Component parameters

Code Config

Parameter		Description
Job Output Path		The OSS path to which data is exported. This OSS path is mapped to the `/ml/output/` path. Data written to the `/ml/output/` path is persisted to the mapped OSS path. OSS Output Port 1 and OSS Output Port 2 correspond to the `/ml/output/output1` and ml/output/output2 path, respectively. Once connected to these output ports, the downstream components can read data from the mapped paths.
Code Source (Select a source from the drop-down list)	Literal Code	Python Code: the OSS path to store the script that you write in the code editor. By default, the script is saved as an object named main.py. Important Before you click Save, make sure that the OSS path that you want to use to store the script does not contain an object that has the same name as the current object. Otherwise, the existing object is overwritten. Code editor: the Python code editor where sample code is provided by default. For more information, see the Examples section in this topic. You can write code in the code editor.
	Specify Git Configuration	Git Repository Address: the address of the Git repository. Code branch: the branch where the code is stored. Default value: master. Code Commit: the commit where the code is submitted. This parameter takes precedence over the Code branch parameter. If you specify this parameter, the Code branch parameter is invalid. Git Username: the Git username. This parameter is required if you want to access a private code repository. Git Access Token: the access token to the Git repository. This parameter is required if you want to access a private code repository. For more information, see Obtain a GitHub account token.
	Select Code Source	Select Code Source Repositories: the code build you created. For more information, see Code builds. Code branch: the branch where the code is stored. Default value: master. Code Commit: the commit where the code is submitted. This parameter takes precedence over the Code branch parameter. If you specify this parameter, the Code branch parameter is invalid.
	Select Oss path	In the OSS Code Path field, you can select the path where the code is stored.
Command		Enter the command that you want to run. Example: `python main.py`. Note The system automatically generates a command based on the script name and the connected ports. No manual operations are required.
Advanced Option		Third Dependency: the third-party dependencies that you want to install. You can specify these dependencies in the format that is used by a Python requirement.txt file. The following code provides an example.
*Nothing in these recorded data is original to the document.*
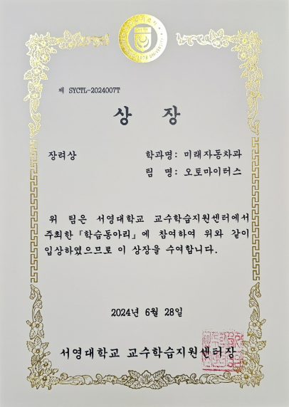 미래자동차과 정비 학습동아리인 오토마이스터가 서영대학교 교수학습지원센터에서 주최한 학습 동아리에 여하여 이수하고 "장려상"을 수상하였습니다.
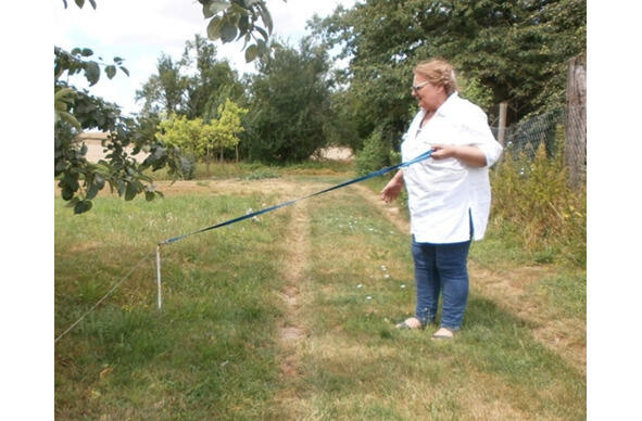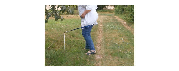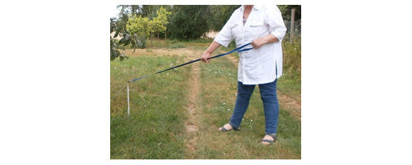 Сделайте шаг к линии, наполовину повернувшись к ней, и возьмитесь за нее свободной рукой. Напряжение должно оставаться неизменным. Теперь возьмитесь обеими руками за поводок перед своим телом.
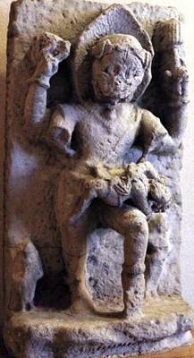 | Description / विवरण | Narasimha is one of the ten incarnations of Vishnu. Vishnu takes the form of half man and half lion to destroy the demon Hiranyakasipu. Narasimha images are of three types i Girija- Narasimha ii Sthauna- narasimha iii Yanaka-Narasimha , stands over a lotus pedestal. His upper right hand holds an indistinct object and the upper left hand holds a lotus stalk. Hiranyakasipu is stretched on the left thigh of Narasimha, who is in the tribhanga posture. With two hands he rips open the belly of the demon. On both sides of the image, there are attendants which are not clearly visible due to erosion. |

These dependencies are automatically installed before you run the component. `cycler==0.10.0 # via matplotlib kiwisolver==1.2.0 # via matplotlib matplotlib==3.2.1 numpy==1.18.5 pandas==1.0.4 pyparsing==2.4.7 # via matplotlib python-dateutil==2.8.1 # via matplotlib, pandas pytz==2020.1 # via pandas scipy==1.4.1 # via seaborn` Whether to enable container monitoring: If you select this option, you can enter parameter configurations in the Error Monitoring Arguments field.

Run Config

Parameter	Description
ResourceGroup	Public Resource Group is supported. If you select Public Resource Group, set the InstanceType parameter to CPU or GPU and specify the CPU or GPU specifications. Default value: ecs.c6.large. By default, the resource group that is used by DLC resources of the current workspace is selected.
VPC Settings	You can select an existing virtual private cloud (VPC).
Security Group	You can select an existing security group.
Advanced Option	If you select this parameter, you can configure the following parameters: Instance Count: the number of instances that you want to create. Specify a value for this parameter based on your business requirements. Default value: 1. Job Image URI: the URI of the job image that you want to use. By default, open source XGBoost 1.6.0 is used. If you want to use deep learning frameworks, you must change the image. Job Type: the job type. You need to modify this parameter only if the script is executed in a distributed manner. Valid values: XGBoost/LightGBM Job TensorFlow Job PyTorch Job MPI Job

Examples

Parse the default sample code

By default, the Python Script component provides the following sample code:

import os
import argparse
import json
"""
Sample code for the Python Script component
"""
# MaxCompute is used in this workspace. The name and endpoint of the MaxCompute project are required. 
# To run the code, make sure that a MaxCompute project is associated with the workspace. 
# Example: {"endpoint": "http://service.cn.maxcompute.aliyun-inc.com/api", "odpsProject": "lq_test_mc_project"}. 
ENV_JOB_MAX_COMPUTE_EXECUTION = "JOB_MAX_COMPUTE_EXECUTION"


def init_odps():
    from odps import ODPS
    # Information about the default MaxCompute project that is associated with the workspace. 
    mc_execution = json.loads(os.environ[ENV_JOB_MAX_COMPUTE_EXECUTION])
    o = ODPS(
        access_id="<YourAccessKeyId>",
        secret_access_key="<YourAccessKeySecret>",
        # Use the region in which the MaxCompute project resides. Example: http://service.cn-shanghai.maxcompute.aliyun-inc.com/api. 
        endpoint=mc_execution["endpoint"],
        project=mc_execution["odpsProject"],
    )
    return o


def parse_odps_url(table_uri):
    from urllib import parse
    parsed = parse.urlparse(table_uri)
    project_name = parsed.hostname
    r = parsed.path.split("/", 2)
    table_name = r[2]
    if len(r) > 3:
        partition = r[3]
    else:
        partition = None
        return project_name, table_name, partition


def parse_args():
    parser = argparse.ArgumentParser(description="PythonV2 component script example.")
    parser.add_argument("--input1", type=str, default=None, help="Component input port 1.")
    parser.add_argument("--input2", type=str, default=None, help="Component input port 2.")
    parser.add_argument("--input3", type=str, default=None, help="Component input port 3.")
    parser.add_argument("--input4", type=str, default=None, help="Component input port 4.")
    parser.add_argument("--output1", type=str, default=None, help="Output OSS port 1.")
    parser.add_argument("--output2", type=str, default=None, help="Output OSS port 2.")
    parser.add_argument("--output3", type=str, default=None, help="Output MaxComputeTable 1.")
    parser.add_argument("--output4", type=str, default=None, help="Output MaxComputeTable 2.")
    args, _ = parser.parse_known_args()
    return args


def write_table_example(args):
    # Example: Execute an SQL statement to copy the public table data provided by PAI and feed the data to the temporary table of Table Output Port 1. 
    output_table_uri = args.output3
    o = init_odps()
    project_name, table_name, partition = parse_odps_url(output_table_uri)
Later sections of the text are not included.